### What you have to do
Please set down only the lines below starting with the line with "Vestido curto, manga" and going on through the line with "external circumflex small", verbatim and without pictures.

### Input for this task
• • •

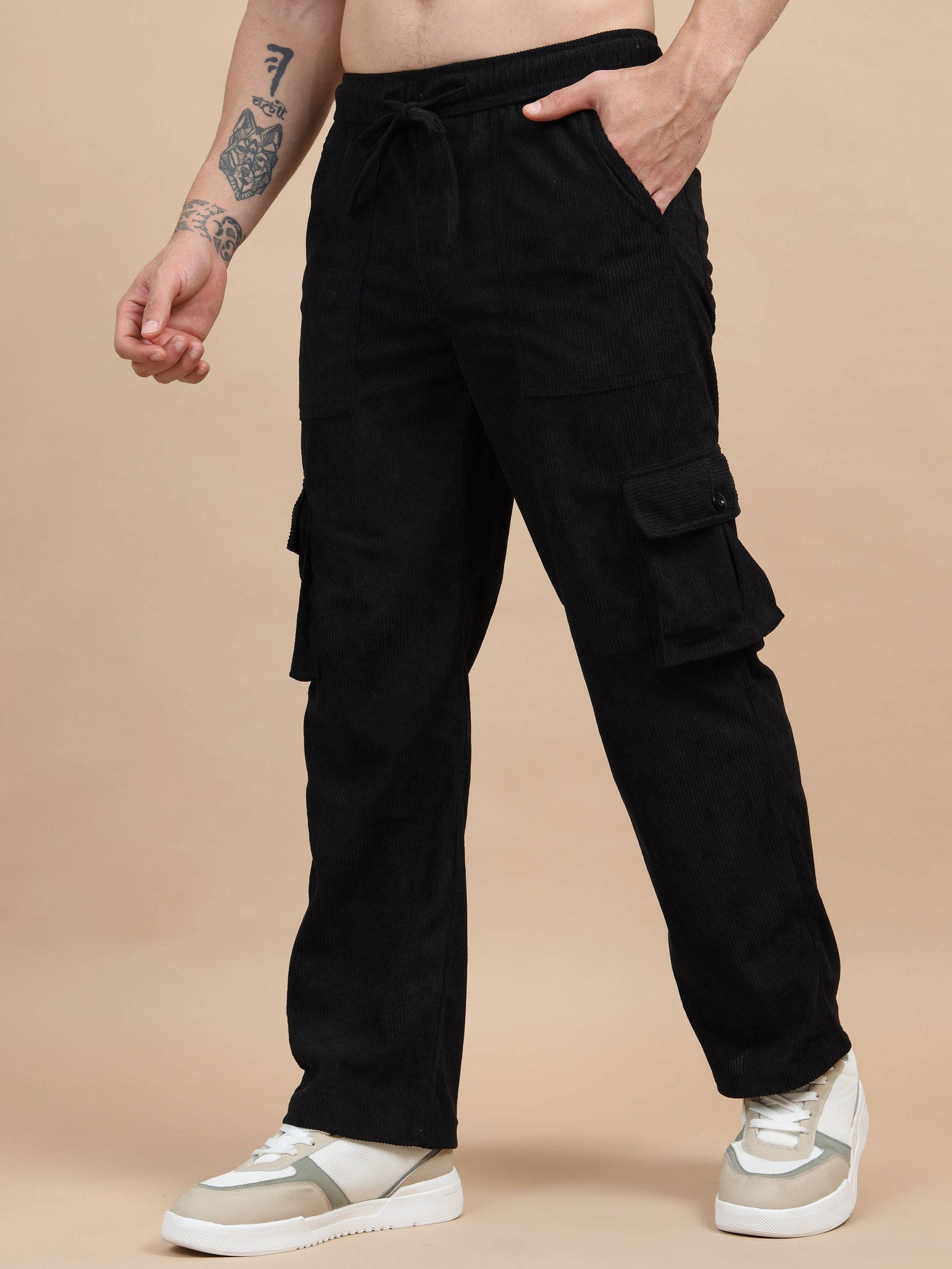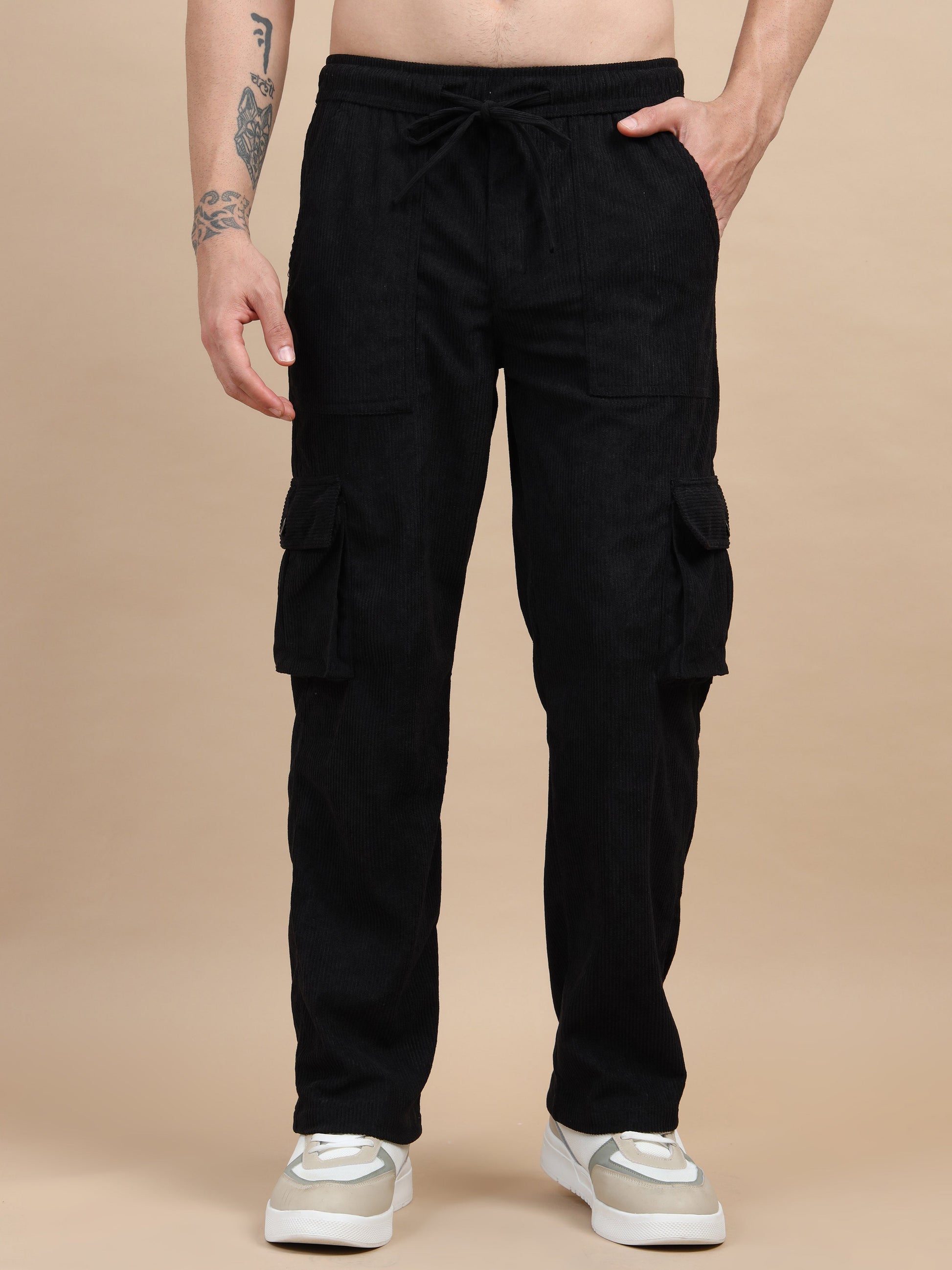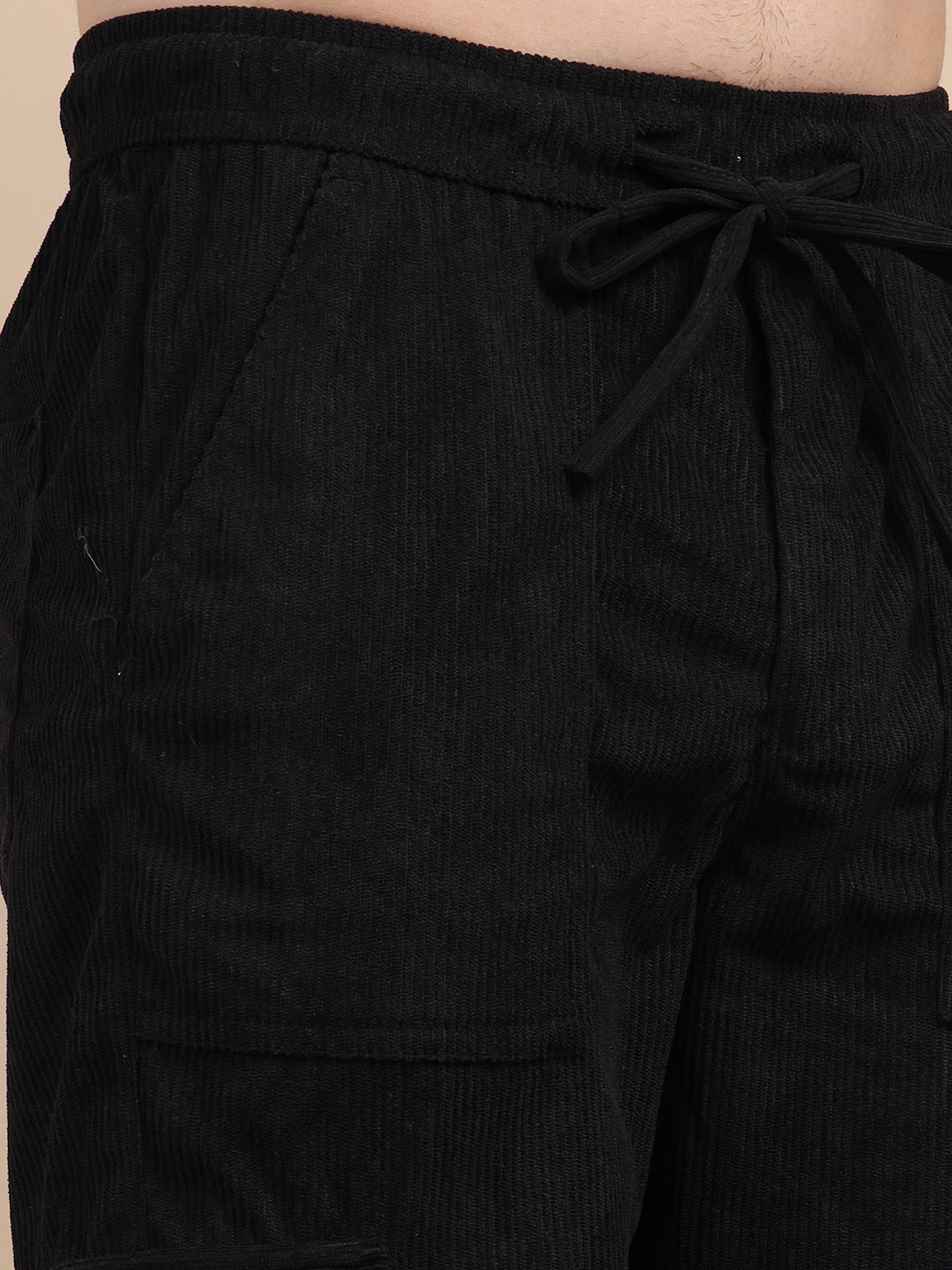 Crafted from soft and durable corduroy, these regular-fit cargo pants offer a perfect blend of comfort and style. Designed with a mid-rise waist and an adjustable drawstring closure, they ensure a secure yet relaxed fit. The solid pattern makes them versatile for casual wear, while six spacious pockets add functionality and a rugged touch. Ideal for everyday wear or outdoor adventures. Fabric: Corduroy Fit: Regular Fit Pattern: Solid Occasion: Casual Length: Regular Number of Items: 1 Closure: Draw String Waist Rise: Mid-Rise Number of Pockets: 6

• • •

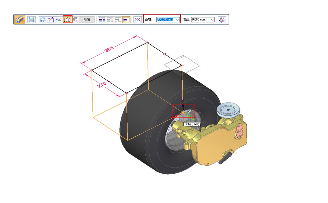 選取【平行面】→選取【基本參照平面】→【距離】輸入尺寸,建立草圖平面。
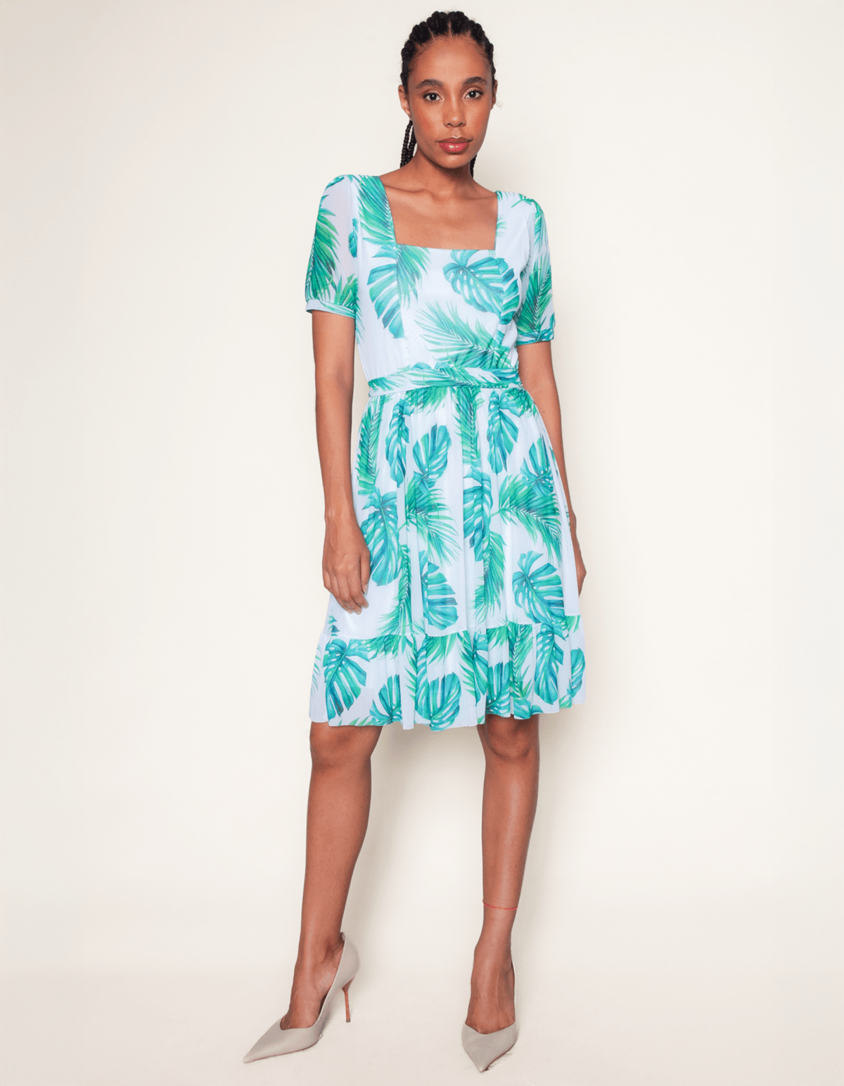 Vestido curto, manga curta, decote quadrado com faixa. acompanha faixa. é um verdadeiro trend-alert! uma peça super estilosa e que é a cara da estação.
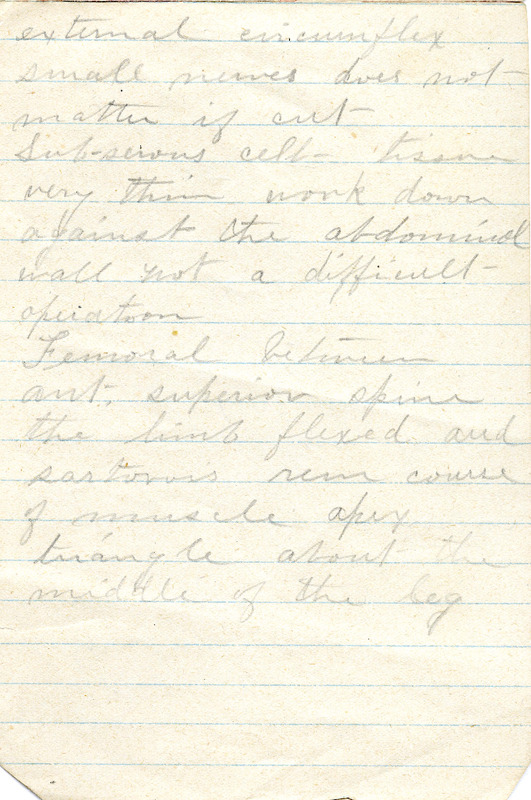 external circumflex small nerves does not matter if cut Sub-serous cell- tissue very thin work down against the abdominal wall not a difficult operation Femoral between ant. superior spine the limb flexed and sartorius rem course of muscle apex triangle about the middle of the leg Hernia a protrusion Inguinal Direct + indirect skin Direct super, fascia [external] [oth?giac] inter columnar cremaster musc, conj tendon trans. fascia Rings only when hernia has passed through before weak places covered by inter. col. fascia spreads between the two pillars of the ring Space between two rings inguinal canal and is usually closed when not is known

• • •

### Solution to this problem
 Vestido curto, manga curta, decote quadrado com faixa. acompanha faixa. é um verdadeiro trend-alert! uma peça super estilosa e que é a cara da estação.
 external circumflex small nerves does not matter if cut Sub-serous cell- tissue very thin work down against the abdominal wall not a difficult operation Femoral between ant. superior spine the limb flexed and sartorius rem course of muscle apex triangle about the middle of the leg Hernia a protrusion Inguinal Direct + indirect skin Direct super, fascia [external] [oth?giac] inter columnar cremaster musc, conj tendon trans. fascia Rings only when hernia has passed through before weak places covered by inter. col. fascia spreads between the two pillars of the ring Space between two rings inguinal canal and is usually closed when not is known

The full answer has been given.